Data Block Start
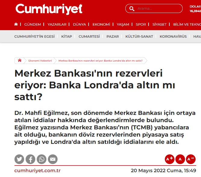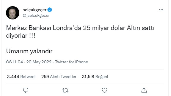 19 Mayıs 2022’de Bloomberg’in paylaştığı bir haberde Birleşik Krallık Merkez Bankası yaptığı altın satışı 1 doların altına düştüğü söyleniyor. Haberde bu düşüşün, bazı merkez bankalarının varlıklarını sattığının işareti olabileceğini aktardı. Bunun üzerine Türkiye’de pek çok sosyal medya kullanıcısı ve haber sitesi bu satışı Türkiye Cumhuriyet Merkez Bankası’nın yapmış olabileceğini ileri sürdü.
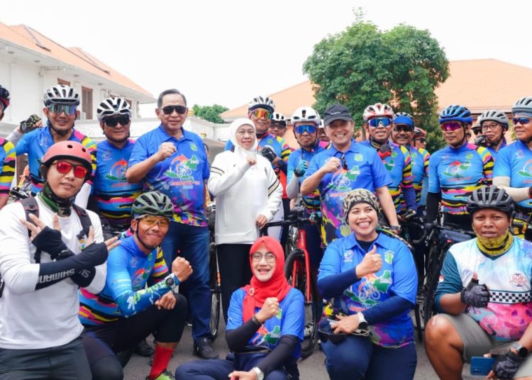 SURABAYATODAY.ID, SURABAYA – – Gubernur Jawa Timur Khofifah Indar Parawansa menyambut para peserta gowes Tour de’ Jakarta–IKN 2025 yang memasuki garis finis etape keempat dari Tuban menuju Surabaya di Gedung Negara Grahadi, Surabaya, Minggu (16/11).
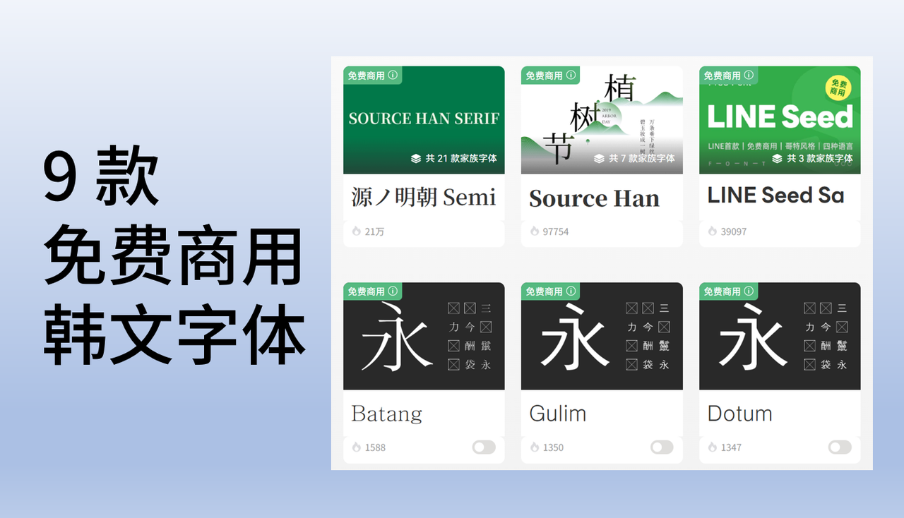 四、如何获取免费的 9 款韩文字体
Data Block End
Data Block Start
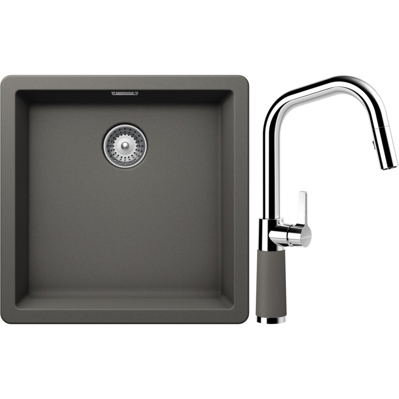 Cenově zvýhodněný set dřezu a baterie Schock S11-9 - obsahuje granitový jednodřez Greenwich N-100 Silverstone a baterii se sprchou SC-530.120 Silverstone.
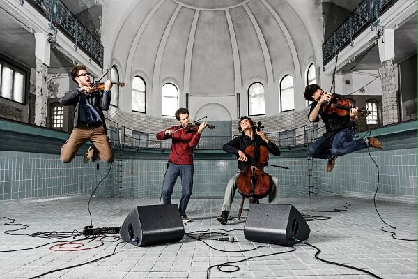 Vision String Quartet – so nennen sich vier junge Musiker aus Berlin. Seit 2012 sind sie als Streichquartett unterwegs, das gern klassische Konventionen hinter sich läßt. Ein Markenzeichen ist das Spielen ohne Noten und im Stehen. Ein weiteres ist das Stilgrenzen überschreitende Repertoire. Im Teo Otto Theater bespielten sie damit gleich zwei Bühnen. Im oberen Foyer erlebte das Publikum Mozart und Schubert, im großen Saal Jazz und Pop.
Data Block End
_Requirement_.
From the data above, return exactly the lines from the one with "Cenově zvýhodněný set" up to and including the one with "Vision String Quartet". Pictures do not go in the copy.

_Exercise response_.
 Cenově zvýhodněný set dřezu a baterie Schock S11-9 - obsahuje granitový jednodřez Greenwich N-100 Silverstone a baterii se sprchou SC-530.120 Silverstone.
 Vision String Quartet – so nennen sich vier junge Musiker aus Berlin. Seit 2012 sind sie als Streichquartett unterwegs, das gern klassische Konventionen hinter sich läßt. Ein Markenzeichen ist das Spielen ohne Noten und im Stehen. Ein weiteres ist das Stilgrenzen überschreitende Repertoire. Im Teo Otto Theater bespielten sie damit gleich zwei Bühnen. Im oberen Foyer erlebte das Publikum Mozart und Schubert, im großen Saal Jazz und Pop.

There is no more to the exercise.